Tight US gas market could test economics of LNG exports
A drop in US gas output and increased domestic demand heading into the winter has tightened the US' supply-demand balance and lifted domestic gas prices, keeping netbacks for delivering LNG to Asian and European markets tight.
Winter forward prices at the US Henry Hub have held close to record highs in recent weeks, with December-February prices averaging $3.40/mn Btu on 24 September, the highest mid-winter prices since at least late-September 2015.
Domestic gas prices set most US LNG offtakers' feedgas costs, which for Cheniere's term fob customers are 115pc of the final Nymex Henry Hub settlement for the month in which a cargo is loaded. US LNG offtakers also incur take-or-pay liquefaction fees of $2.25-3.50/mn Btu, which are likely considered sunk costs. This could test the economic viability of US LNG exports, with spot US fob prices for loading this winter having held a tight premium to feedgas costs in recent weeks.
Argus Gulf Coast fob (AGC) December-January prices were assessed between 55¢/mn Btu and 80¢/mn Btu above feedgas costs on 24 September. The differential between the AGC front-month price and the corresponding Henry Hub-linked feedgas price tightened from an average of $4.27/mn Btu in 2018 to 12¢/mn Btu so far in 2020, and was even negative for a couple of months in late spring and early summer.
The US Energy Information Administration (EIA) said in its September Short-Term Energy Outlook that it expects Henry Hub prices to average $3.47/mn Btu in December-February, which would leave feedgas costs at an average 48¢/mn Btu discount to prevailing fob prices.
Reduced gas output has supported prices at the Henry Hub, with US production at 87bn ft³/d (896bn m³/yr) on 17-23 September, down from 104.7bn ft³/d a year earlier, according to the EIA. It expects US gas production to average 86.4bn ft³/d in October-March, down from the 95.23bn ft³/d record reached a year earlier.

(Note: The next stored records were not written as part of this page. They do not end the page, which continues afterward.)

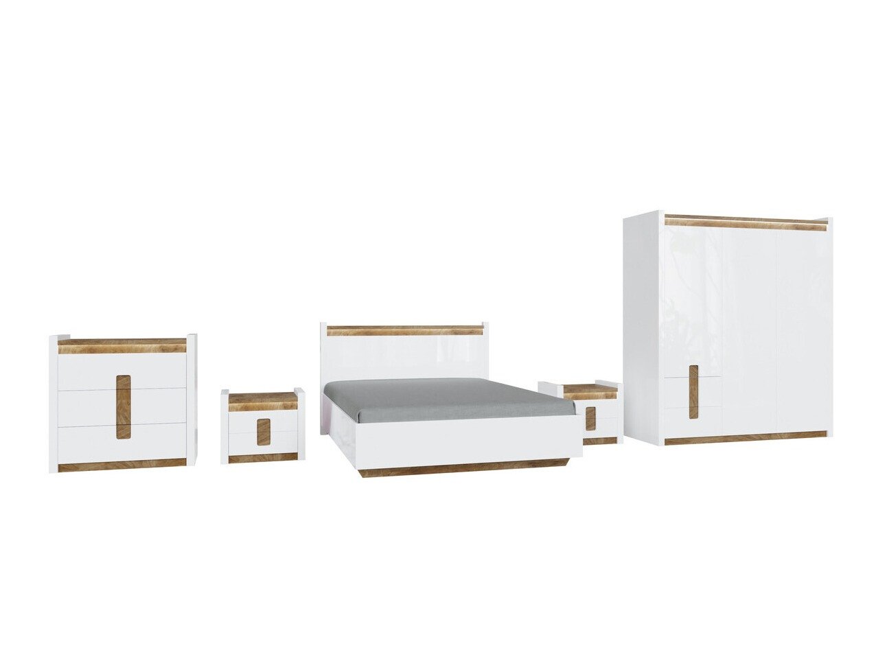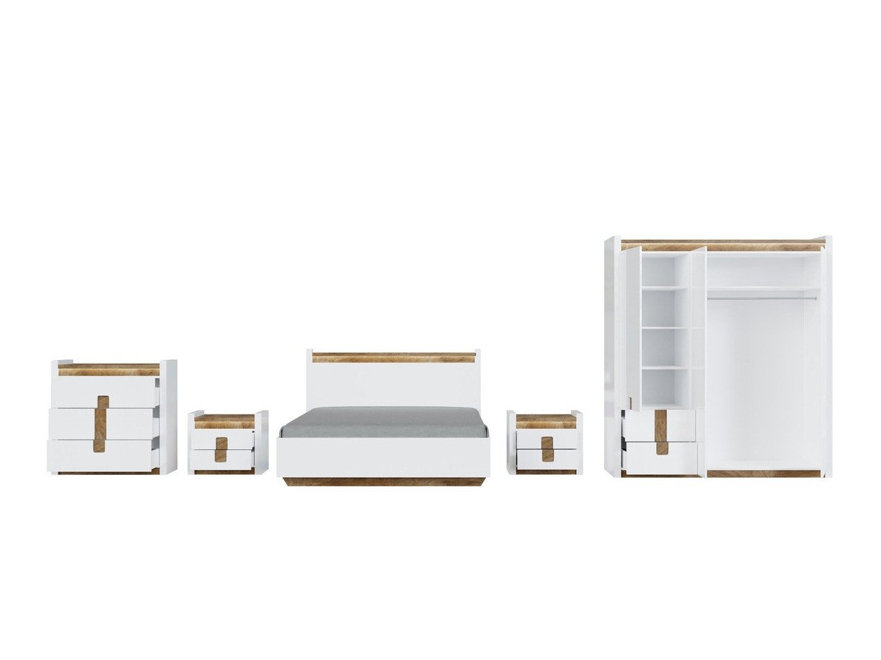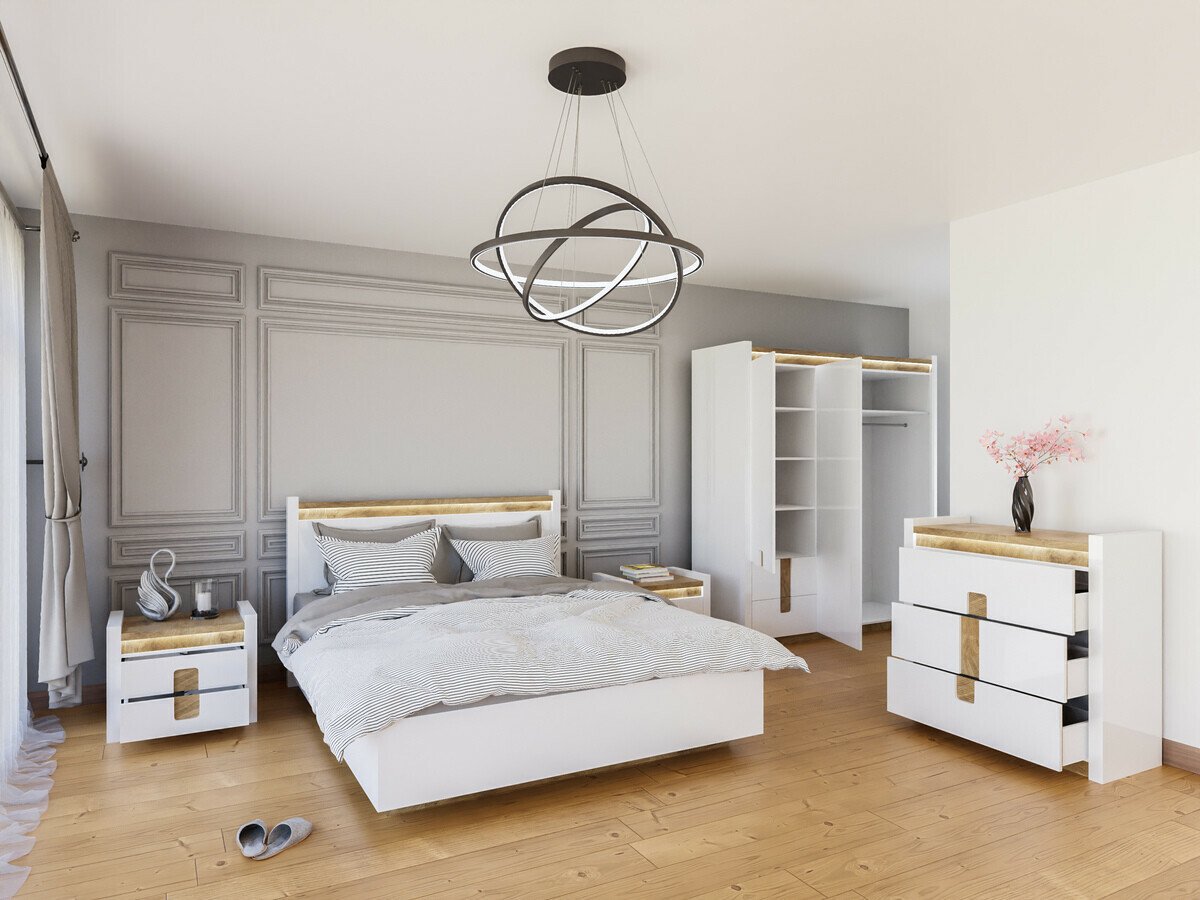 Cette collection de meubles est unique en ce qu'elle offre une large sélection de modèles de meubles pour divers espaces de la maison. Créez un intérieur solide à la fois dans le salon et dans la chambre. Et si les meubles s'intègrent également dans le couloir ? Ou au bureau ? Tout est possible avec cette collection. La palette de couleurs claires aura fière allure dans les petits et les grands espaces. Les façades des meubles sont dominées par une couleur blanche brillante, parfaitement complétée par des détails de couleur bois. La couleur et les motifs du bois sont magnifiquement révélés dans les tables de meubles, donnant une sensation de confort. La solution de poignée attire également l'attention, qui s'intègre non seulement comme poignées, mais aussi comme détail de décoration. Il y aura certainement assez d'espace pour ranger les choses, le meuble a beaucoup de tiroirs et d'étagères. Un charme supplémentaire est fourni par l'éclairage LED intégré à économie d'énergie. Cette solution vous permettra de profiter d'une lumière cosy qui mettra en valeur les inserts couleur bois. Le mécanisme de fermeture silencieux empêchera les portes et les tiroirs de se fermer rapidement.
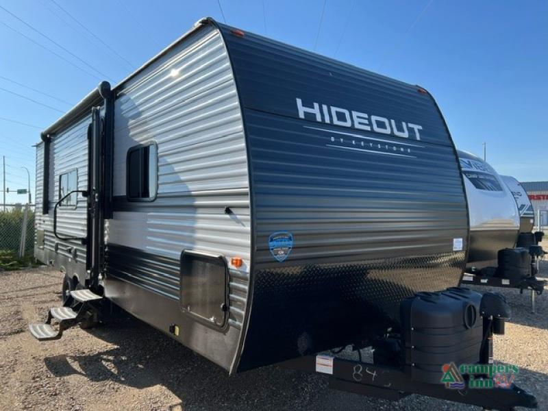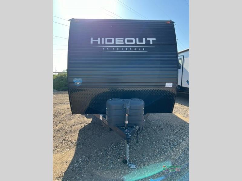With any Hideout Sport travel trailer by Keystone you will enjoy simplified camping solutions that won't break the bank! Each model is constructed with a durable aluminum exterior, tinted safety glass windows, a walkable roof, and an I-beam frame. There are power tongue jacks and electric stabilizer jacks that will make it easier than ever to hitch up and go, and you can add the optional spare tire kit in case you have any unfortunate flats on the way to the campground. An XL entry assist handle will also provide convenience, along with a power awning that will provide much wanted shade during the day. You will feel right at home in a Hideout Sport with its stylish decor, blackout night shades, and cozy queen bed with storage underneath!
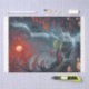 A moody, atmospheric landscape in deep, dark tones, highlighted with touches of red from the moon and autumn leaves. A tall waterfall cascades gracefully between rocky cliffs, creating a sense of serene power and natural beauty. This elegant design brings a dramatic and contemplative mood to your decoupage projects, perfect for adding depth and sophistication.
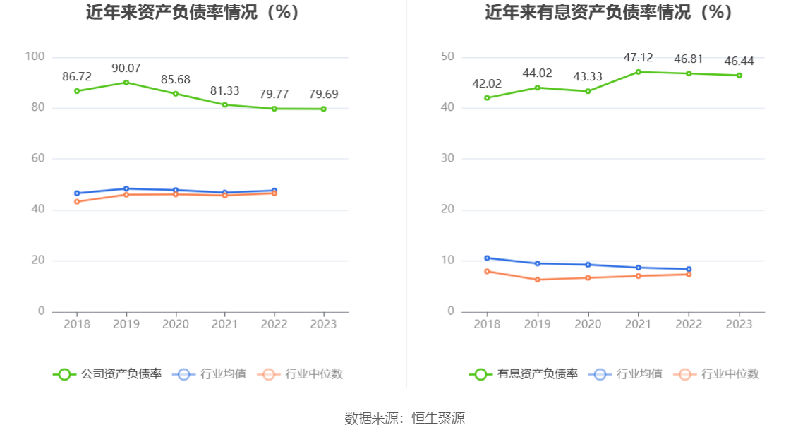 在偿债能力方面,公司2023年年末资产负债率为79.69%,相比上年末下降0.08个百分点;有息资产负债率为46.44%,相比上年末下降0.37个百分点。

The US had 73 working gas rigs last week, up by two from the previous week but 75 lower than a year earlier, according to oil field services provider Baker Hughes. The number of US oil rigs, where associated gas is produced, fell even more sharply, to 179 last week from 719 a year earlier. US oil and gas producers have idled about 540 rigs since early March as efforts to contain the Covid-19 pandemic caused global demand and oil prices to plummet. The Nymex WTI front-month price of $39.50/bl on average so far in September has provided little incentive for US producers to ramp up oil production, limiting growth of associated-gas output.
With little prospect of a rebound in production growth in the near term, a rise in domestic demand could tighten the US gas market further this winter — although with US gas inventories standing 12pc above the five-year average on 18 September, according to the EIA, the country still has something of a buffer.
Measures to control the Covid-19 pandemic continue to complicate the demand outlook. But a return to more seasonal winter weather this year may drive demand higher than in the milder 2019-20 winter. The US National Oceanic and Atmospheric Administration predicted a 75pc chance that La Nina weather conditions would continue through the northern hemisphere this winter, which leads to colder weather in the northern parts of the US but milder and drier weather in the south.
US LNG exports are expected to rebound this winter, as fewer cargoes have been cancelled by offtakers for October and November loadings compared with earlier this summer. And a rebound in feedgas demand from liquefaction facilities could contribute to any tightness in the US gas market. Gas deliveries to US liquefaction plants reached 6.96bn ft³/d on 17 September, their highest since early May. Deliveries fell in the subsequent days as tropical storm Beta forced ports in Louisiana and Texas to close temporarily, but rebounded in recent days. Gas flows to the 5.75mn t/yr Cove Point facility held at zero since 21 September, when the facility started annual maintenance.